Илья Иванович даже сплюнул не то от удовольствия, не то от негодования, а из-под белой, кругом подстриженной бороды так и заблестела, так и полезла в глаза большая золотая медаль — за
— Подлецы народ, — продолжал Илья Иванович, — только в уважение к чину расстреляли, а повесить бы таких! Пусть бы себе поболтался. Хе! на повешенного-то и смотреть неприлично: так человек тот, с позволения сказать, и уж мертвый, а, как кобель самый рассучий, все в таком виде, неприлично.

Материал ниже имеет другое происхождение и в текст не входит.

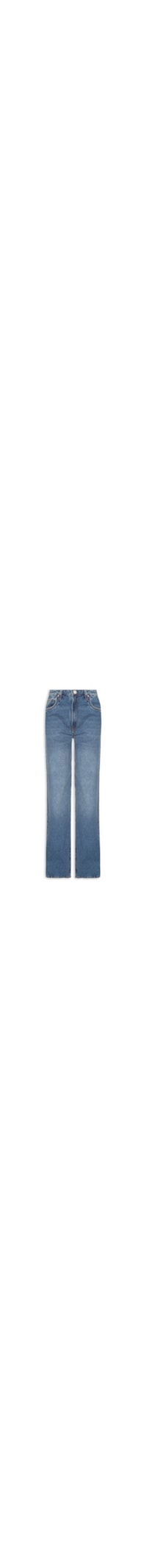 A calça azul é confeccionada em sarja com lavagem em jeans sem elasticidade. A peça solta ao corpo possui cintura alta, cós com passantes e tag da marca bordada na parte posterior, recorte posterior, five pockets* com rebites nos bolsos frontais, logo da marca aplicado em metal no bolso posterior, efeito estonado, puído nos bolsos e nas barras, comprimento longo e fechamento frontal por botão e zíper.

И, полагая, должно быть, что слушатель не раскусил весь позор виселицы — не ясна Хлебникову разница повешения от расстрела, старший попросту непечатным крепким словцом выразил этот позор и неприличие у повешенных и, рассолодев, понес всякую белиберду о каких-то правилах, выгодах и разницах — ни два, ни полтора. И даже запел или так показалось, что запел, как когда-то певал молодым тонкоголосым солдатом сложенную в казармах, слащавую песню:
Хлебников дремал. И заснул, как всегда в тягостные минуты, когда что-нибудь крепко наседало на его душу, и он терялся, не подбирая ни слова, ни действия на ответ.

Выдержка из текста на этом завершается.